▶ _PROBLEM DESCRIPTION_
Would you repeat exactly the part of the listing below that runs from the line containing "Late Production (Vehicles" down to the line containing "Zvedák má dvě", inclusive, and nothing else?

(PROVIDED MATERIAL begins)

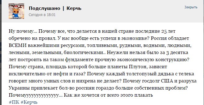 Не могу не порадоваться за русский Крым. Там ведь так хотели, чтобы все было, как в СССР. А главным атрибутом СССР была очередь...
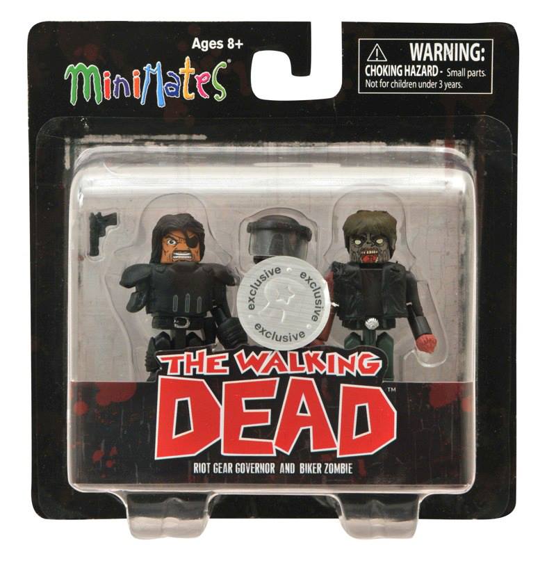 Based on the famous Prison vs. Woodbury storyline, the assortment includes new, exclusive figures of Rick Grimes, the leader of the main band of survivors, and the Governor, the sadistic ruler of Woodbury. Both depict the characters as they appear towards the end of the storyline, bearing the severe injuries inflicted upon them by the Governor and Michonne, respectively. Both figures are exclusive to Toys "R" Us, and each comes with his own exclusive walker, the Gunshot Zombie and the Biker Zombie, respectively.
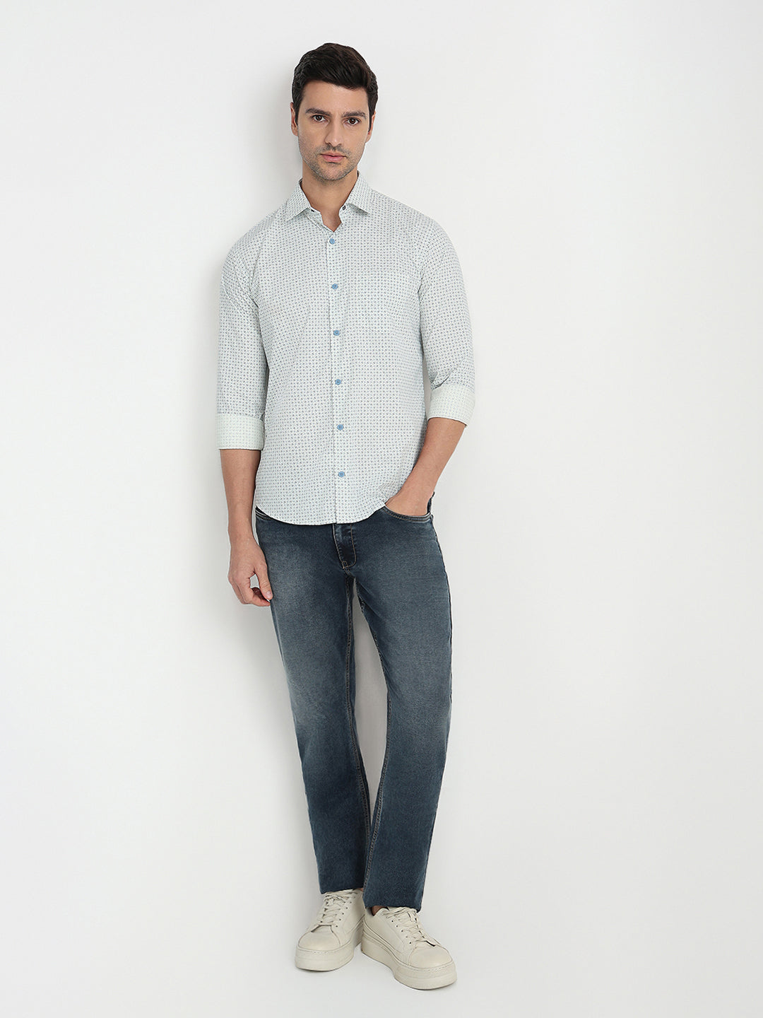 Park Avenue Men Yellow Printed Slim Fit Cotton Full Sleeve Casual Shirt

(PROVIDED MATERIAL ends)
(PROVIDED MATERIAL begins)

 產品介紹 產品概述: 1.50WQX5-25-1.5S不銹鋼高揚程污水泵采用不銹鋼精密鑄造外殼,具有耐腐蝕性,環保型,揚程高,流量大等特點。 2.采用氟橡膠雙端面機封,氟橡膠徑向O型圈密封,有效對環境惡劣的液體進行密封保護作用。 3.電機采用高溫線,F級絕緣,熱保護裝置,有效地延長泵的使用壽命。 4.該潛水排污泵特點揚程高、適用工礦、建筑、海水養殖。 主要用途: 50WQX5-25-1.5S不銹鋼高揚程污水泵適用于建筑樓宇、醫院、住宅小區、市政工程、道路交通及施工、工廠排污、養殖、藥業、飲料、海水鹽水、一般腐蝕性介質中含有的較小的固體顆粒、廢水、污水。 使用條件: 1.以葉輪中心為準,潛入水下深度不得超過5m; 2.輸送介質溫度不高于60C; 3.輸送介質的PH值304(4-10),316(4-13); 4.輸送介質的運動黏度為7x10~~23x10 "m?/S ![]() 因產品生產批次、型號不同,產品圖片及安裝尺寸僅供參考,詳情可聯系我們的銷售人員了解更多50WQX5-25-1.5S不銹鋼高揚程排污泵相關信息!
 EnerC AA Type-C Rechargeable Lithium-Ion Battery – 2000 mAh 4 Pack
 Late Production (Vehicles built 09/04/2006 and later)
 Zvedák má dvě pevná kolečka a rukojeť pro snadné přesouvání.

(PROVIDED MATERIAL ends)

▶ _ANSWER_
 Late Production (Vehicles built 09/04/2006 and later)
 Zvedák má dvě pevná kolečka a rukojeť pro snadné přesouvání.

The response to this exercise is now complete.